Каждое поколение служителей еще и еще раз получало от небесного божества Уо одно и то же пророчество: «Прежде чем звезды на моих одеждах превратятся в пыль, вы будете владыками подзвездного мира».
И когда весть о случившемся во владениях высокого осда Темерши достигла, наконец, храма Уо на краю страны Соор, служители поняли: их час настал.
Когда растаял снег на горных перевалах, сошли оползни, и бурные реки вновь вернулись в свое русло, семь служителей с походными мешками на плечах покинули храм и пустились в далекий путь к месту битвы воинов высокого осда Темерши и угрюмого правителя Трехречья. Трижды заносил перевалы снег и трижды вторгались в долину талые воды, прежде чем вернулись четверо из ушедших, отыскав и принеся в храм ларцы с Плодами Смерти. А когда перед наступлением холодов охотничий отряд надзирателя провинции в погоне за добычей забрался в горы и подъехал к воротам храма, дабы устроить веселый ужин и расположиться на ночлег не под открытым небом, а под крышей, в тепле и уюте, то обнаружилось, что храм пуст. Пыль толстым слоем лежала на каменных статуях и на полу пустых помещений; пустыми были амбары и кузницы, погреба и ткальни, кухня и баня, обдирочный двор и пекарня; все было молчаливо и неподвижно, и только вода тонкой прозрачной струей бежала и бежала с негромким плеском в глубокий бассейн посредине огромного безлюдного зала. За ущельем сотнями вершин нацелилась в небо обширная горная страна, и пытаться искать ушедших служителей храма Уо в ее лабиринтах, в круговерти гор и ущелий было так же бессмысленно, как искать песчинку в золе потухшего костра. Да никто и не собирался искать служителей – хоть и жили они на территории страны Соор, но были вольны в своих действиях.

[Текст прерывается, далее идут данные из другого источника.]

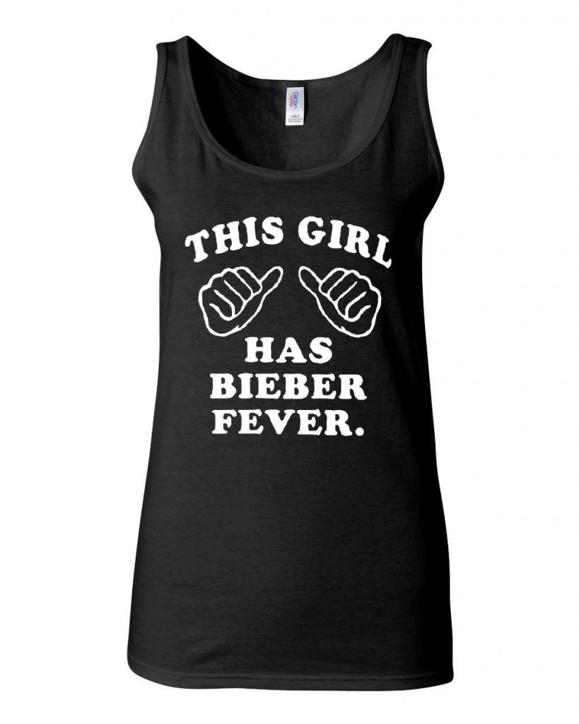 Junior This Girl Has Bieber Fever Graphic Novelty Tank Top (Small, Black)

Холод сменялся жарой с буйством степных пожаров, расцветали цветы и опадали листья, и однажды в Осде – столице государства Зарашхи, где не так давно в своем пирамидальном дворце вершил державные дела высокий осд Темерши, появились двое служителей храма Уо. Их приняли поначалу в канцелярии для простолюдинов, затем в канцеляриях третьего и девятого кругов, и наконец допустили к высокому осду Темерши-Ши, сыну и преемнику прежнего правителя, необдуманно воспользовавшегося губительными Плодами Смерти.
Служители принесли с собой изящный ящичек из лазурного камня, и правитель сразу узнал походный ларец высокого осда Темерши, с которым тот отбыл на свою последнюю битву. Узнали его и приближенные из прежней свиты, присутствовавшие при встрече высокого осда Темерши-Ши со служителями чужеземного храма Уо. Ни с чем нельзя было спутать личный знак правителя, искусно врезанный под полупрозрачную крышку ларца. Послы от имени старшего служителя храма заявили, что отныне страшные Плоды Смерти будут вечно находиться в глубине гор, в надежных руках. Послы заявили, что с помощью дрессированных птиц Плоды могут быть сброшены на любой город или селение любой державы. И дабы этого не случилось, продолжали послы, невозмутимо глядя в изумленные лица высших чиновников страны Зарашхи, высокому осду Темерши-Ши надлежит отобрать сто молодых и здоровых рабов и сто молодых и здоровых рабынь и под конвоем направить их в дальнюю провинцию государства Соор для сооружения укреплений, в которых будут храниться Плоды Смерти. Высокому осду надлежало также позаботиться о том, чтобы все державы – от холодной страны Олн до приморской страны Элинре – тоже прислали рабов и свободных граждан для строительства горного города хранителей Плодов Смерти.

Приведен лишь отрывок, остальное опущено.